JAKARTA, Harianmuria.com – Banyaknya pemutusan hubungan kerja (PHK) sebagai imbas efisiensi anggaran yang diinstruksikan pemerintah mendapat sorotan Mohammad Toha, anggota Komisi II DPR RI Fraksi PKB. Ia menegaskan kebijakan efisiensi anggaran itu jangan sampai mengorbankan tenaga honorer.
Seperti diketahui, kebijakan efisiensi anggaran yang diteken Presiden Prabowo Subianto lewat Inpres Nomor 1 Tahun 2025 masih menuai polemik. Toha menyebut, efisiensi anggaran itu bukan bertujuan untuk mengurangi jumlah pegawai honorer, melainkan untuk penghematan di sektor tertentu seperti penyewaan mobil dinas pejabat, pembangunan infrastruktur non-prioritas, dan kegiatan seremonial.
“Belanja operasional, gaji pegawai itu tidak terkurangi sama sekali. Belanja modal itulah yang harusnya dikurangi, termasuk pembangunan infrastruktur non prioritas,” kata Thoha seperti dikutip TVR Parlemen, Selasa (18/2/2025).
“Yang diwajibkan di sini (efisiensi anggaran) adalah belanja operasional atau variable cost. Kalau belanja modal itu kan bisa ditunda, seperti pembelian mobil, sewa mobil dan sebagainya,” sambung anggota DPR dari Dapil Jateng V itu.
Toha menyayangkan banyaknya tenaga honorer terkena PHK. Menurutnya, penghematan anggaran yang dicanangkan Presiden Prabowo ini memiliki tujuan yang baik, bukan malah mengorbankan nasib pegawai honorer. “Ini bertujuan untuk mengakomodasi visi dan misi presiden,” lanjutnya.
Toha juga meminta agar mitra kerja DPR, khususnya BKN, KPU, Bawaslu, dan Kemendagri tidak memangkas anggaran belanja pegawai.
Hal yang sama juga diungkapkan oleh Wakil Ketua Komisi II DPR RI Dede Yusuf. Ia meminta agar pemerintah memikirkan nasib tenaga honorer yang terkena PHK di tengah efisiensi anggaran. “Apalagi, PHK ini dilakukan menjelang Ramadan dan Idulfitri,” ujarnya.

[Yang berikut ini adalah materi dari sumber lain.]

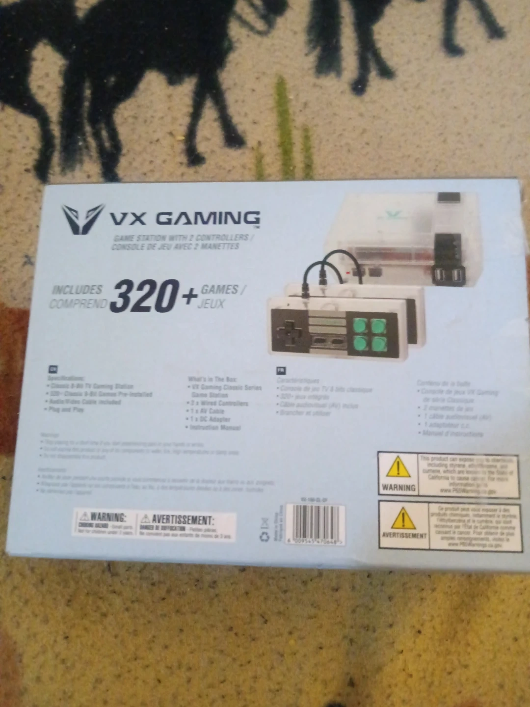 This VX Gaming Game Station comes with 2 controllers and includes over 320 games. It connects via AV cables and a power adapter is included. It's great for retro gaming fun!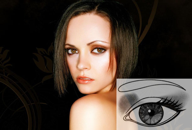 При заполнении кожи века тенью, можно использовать один цвет или пошагово растушевывая, сделать плавные переходы между несколькими цветами. В первом случае любая, понравившаяся тень наносится на веко и растушевывается до достижения плавного соединения с контуром, но, не стирая и не задевая его.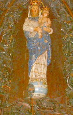 trônait, douce et impassible, la Vierge, patronne des marins, sortie pour eux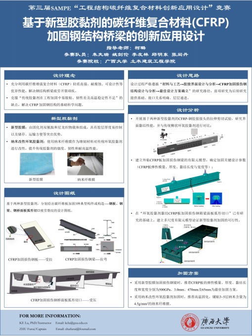 SAMPE“工程结构碳纤维复合材料创新应用设计”学生竞赛鼓励参赛者充分发挥碳纤维复合材料的轻质高强、耐腐蚀、可设计等性能,提出该材料在工程结构中的创新性应用,并给出可靠的设计分析与说明。竞赛为国内外高校土木工程、交通工程、海洋工程、复合材料、力学等专业参赛者提供了一个公平公正、施展才华、拓宽视野的国际化舞台。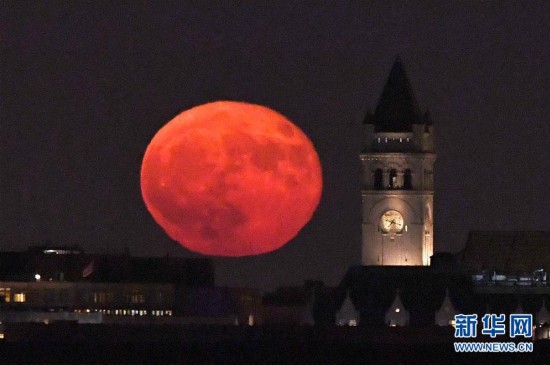 10月16日,在美國華盛頓,一輪明月從老郵局大樓上空升起!俺壴铝痢笔侵冈虑蜻\行到軌道上最接近地球的點的同時,正好是滿月。這時的月亮會比平?瓷先ジ。 新華社記者殷博古攝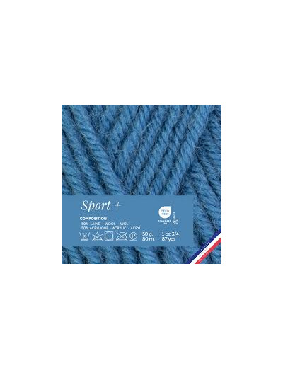 Pelote de laine sport + couleur Océan, 50g, 50% laine, 50% Acrylique, +/-80 m, se travaille en aiguilles et crochet n°5.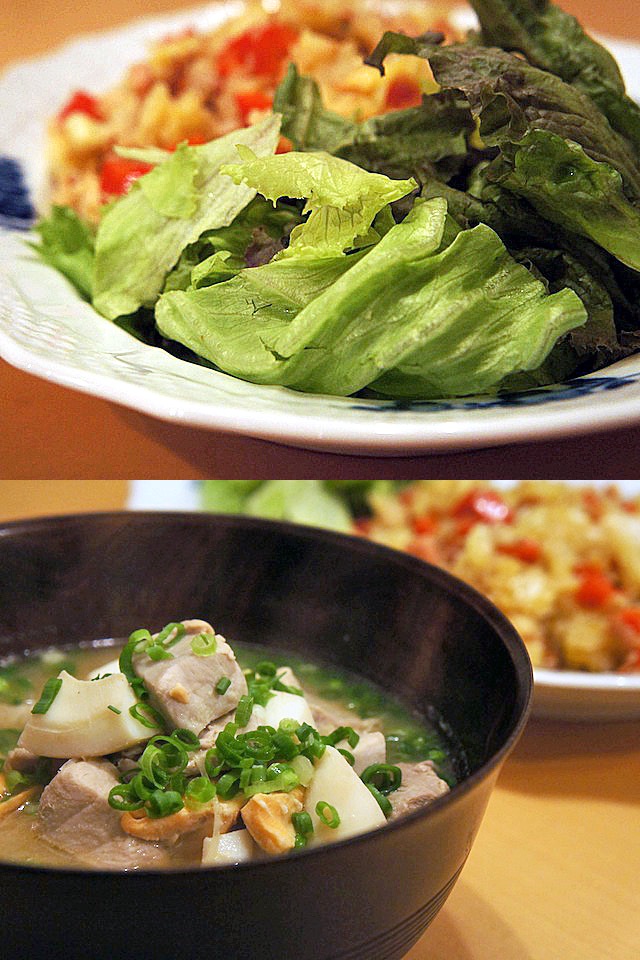 一緒にサラダを盛り込んで、今のテーマの「野菜を一杯食べましょう」プロジェクト的メインとします。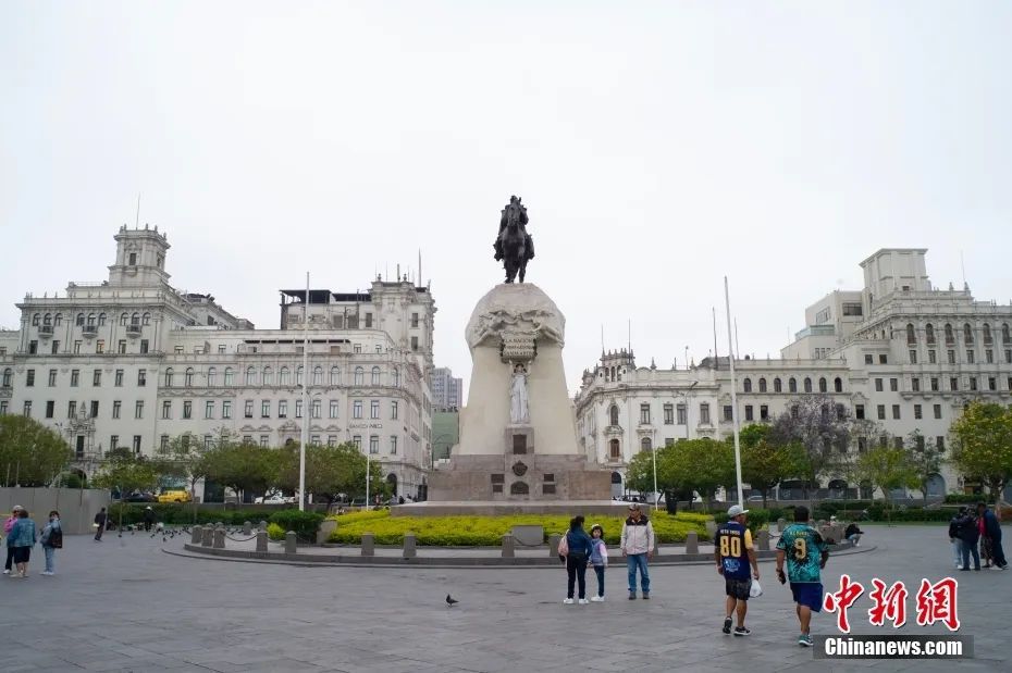 當(dāng)?shù)貢r(shí)間11月12日,秘魯首都利馬老城的圣馬丁廣場(chǎng)。中新社記者 盛佳鵬 攝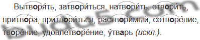 Вытв..рять, затв..риться, натв..рить, отв..рить, притв..ра, притв..риться, раств..римый, сотв..рение, тв..рение, удовлетв..рение, утв..рь.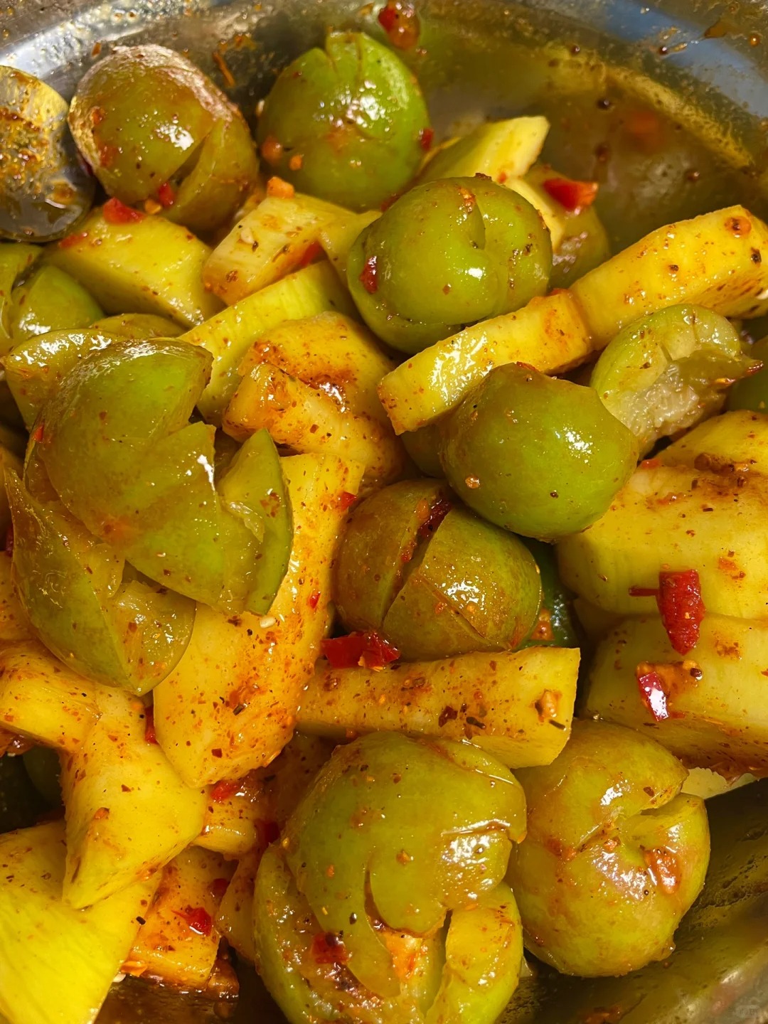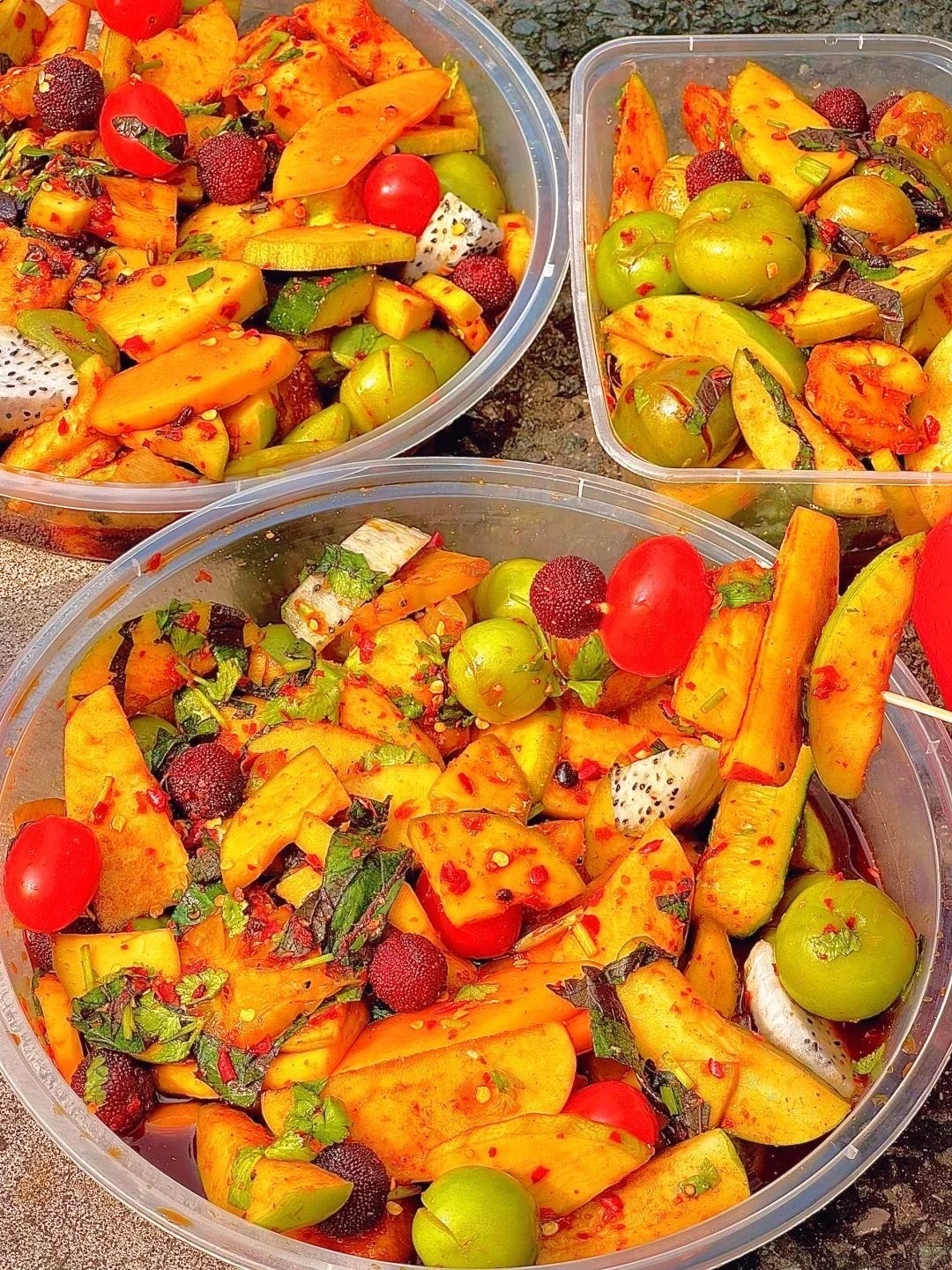 Người ta dùng đủ loại quả mọng theo mùa như ổi, củ đậu, củ cải, mận xanh... đem ngâm vào thứ nước chua ngọt bí truyền. Miếng trái cây cắn vào cứ giòn tan, nước tươm ra chua chua ngọt ngọt, rắc thêm chút bột ớt cay xè đỏ au. Vừa ăn vừa hít hà, cái vị chua cay ấy xua tan ngay đi cái nóng hầm hập, bảo sao đây lại là "thần dược" mở đường tiêu hóa số một của người dân nơi đây.

Selain tenaga honorer, banyak juga yang mengikuti seleksi Pegawai Pemerintah dengan Perjanjian Kerja (PPPK) tetapi belum mendapatkan formasi hingga kini, karena imbas efisiensi anggaran.
“Banyak saudara kita yang ikut PPPK honorer, tiba-tiba sekarang belum dapat formasi, dan efisiensi memotong pendapatan mereka di tengah momen Ramadan dan lebaran,” kata anggota dari Dapil Jabar II itu.
Dede meminta pemerintah untuk memprioritaskan pengalokasian gaji bagi tenaga honorer dan PPPK, agar tidak terjadi pengurangan pendapatan yang dapat berdampak pada kesejahteraan mereka. “Ini sangat penting, pemerintah harus benar-benar memprioritaskan gaji. Jadi jangan sampai gaji itu hilang,” tegasnya.
Dalam konteks kebijakan efisiensi, Dede mengingatkan agar jangan ada tenaga honorer yang kehilangan gaji atau bahkan terkena PHK. Untuk mengatasi hal tersebut, Dede Yusuf dan pihak Komisi II DPR RI memberikan solusi untuk menerapkan bekerja dari rumah atau Work From Home (WFH), sama seperti ketika pandemi Covid-19 melanda.
“Kita memang belum punya data pasti berapa banyak yang kena PHK, tetapi DPR meminta tidak boleh ada yang ter-PHK. Makanya sekarang ada konsep work from home, mungkin ada pengurangan dari sisi efisiensi ini harus kita pahami semua, tetapi jangan sampai mereka tidak punya pendapatan sama sekali,” paparnya.